§ **REQUIREMENT**
Exact copy, no pictures: output each line below as it stands.

§ **INFORMATION SUPPLIED**
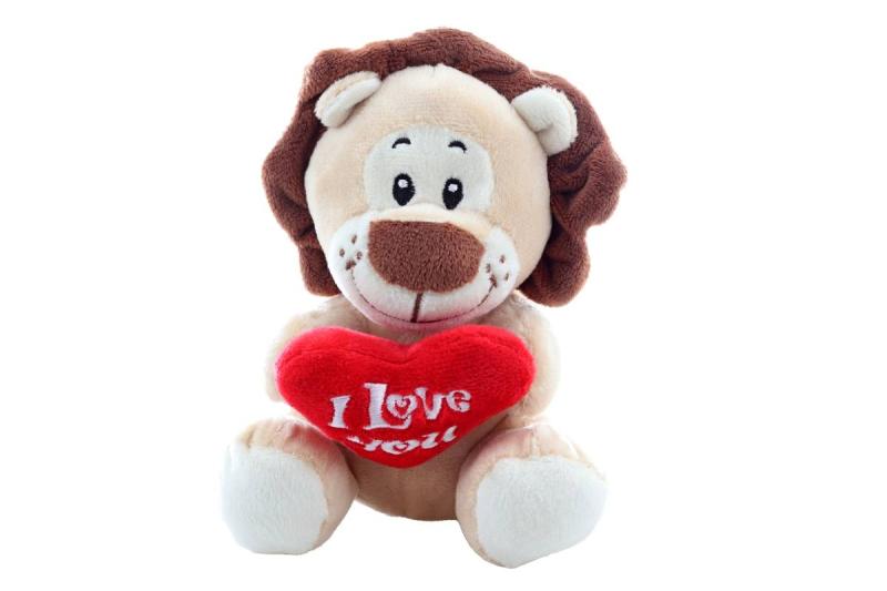 Plyšové divoké zvířátko se srdíčkem I Love You o rozměrech cca 14x13x11 cm. 6 druhů
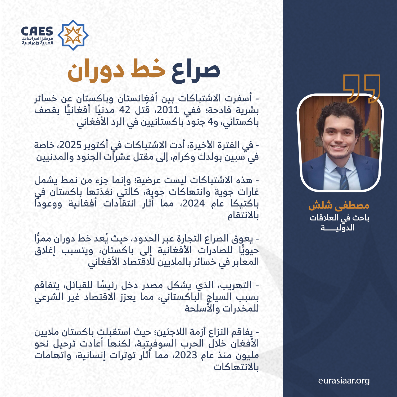 يُعد الصراع العسكري بين أفغانستان وباكستان واحدًا من أكثر النزاعات تعقيدًا في تاريخ جنوب آسيا، حيث تمتد جذوره إلى عصر الاستعمار البريطاني، ويستمر حتى اليوم بوصفه عاملًا رئيسًا في تشكيل الديناميكيات الأمنية الإقليمية. يركز هذا الصراع على خط دوران، الخط الحدودي الذي رسمته بريطانيا عام 1893 لفصل إمارة أفغانستان عن الهند البريطانية، والذي أصبح بعد استقلال باكستان عام 1947 حدًّا دوليًّا غير معترف به من جانب كابُل. هذا الخط، الذي يمتد إلى أكثر من 2600 كيلو متر، لا يقسم أراضي فحسب؛ بل يقسم شعوبًا وثقافات، خاصة قبائل البشتون التي تعيش على الجانبين، مما يجعله مصدرًا للتوترات العسكرية المتكررة والنزاعات الحدودية.
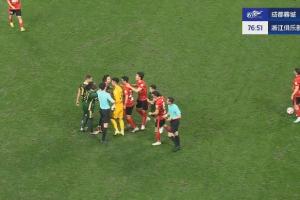 第77分鐘,奧烏蘇前場逼搶犯規(guī),引發(fā)雙方球員沖突。裁判迅速將雙方球員分開。

§ **ANSWER TO THE PROBLEM**
 Plyšové divoké zvířátko se srdíčkem I Love You o rozměrech cca 14x13x11 cm. 6 druhů
 يُعد الصراع العسكري بين أفغانستان وباكستان واحدًا من أكثر النزاعات تعقيدًا في تاريخ جنوب آسيا، حيث تمتد جذوره إلى عصر الاستعمار البريطاني، ويستمر حتى اليوم بوصفه عاملًا رئيسًا في تشكيل الديناميكيات الأمنية الإقليمية. يركز هذا الصراع على خط دوران، الخط الحدودي الذي رسمته بريطانيا عام 1893 لفصل إمارة أفغانستان عن الهند البريطانية، والذي أصبح بعد استقلال باكستان عام 1947 حدًّا دوليًّا غير معترف به من جانب كابُل. هذا الخط، الذي يمتد إلى أكثر من 2600 كيلو متر، لا يقسم أراضي فحسب؛ بل يقسم شعوبًا وثقافات، خاصة قبائل البشتون التي تعيش على الجانبين، مما يجعله مصدرًا للتوترات العسكرية المتكررة والنزاعات الحدودية.
 第77分鐘,奧烏蘇前場逼搶犯規(guī),引發(fā)雙方球員沖突。裁判迅速將雙方球員分開。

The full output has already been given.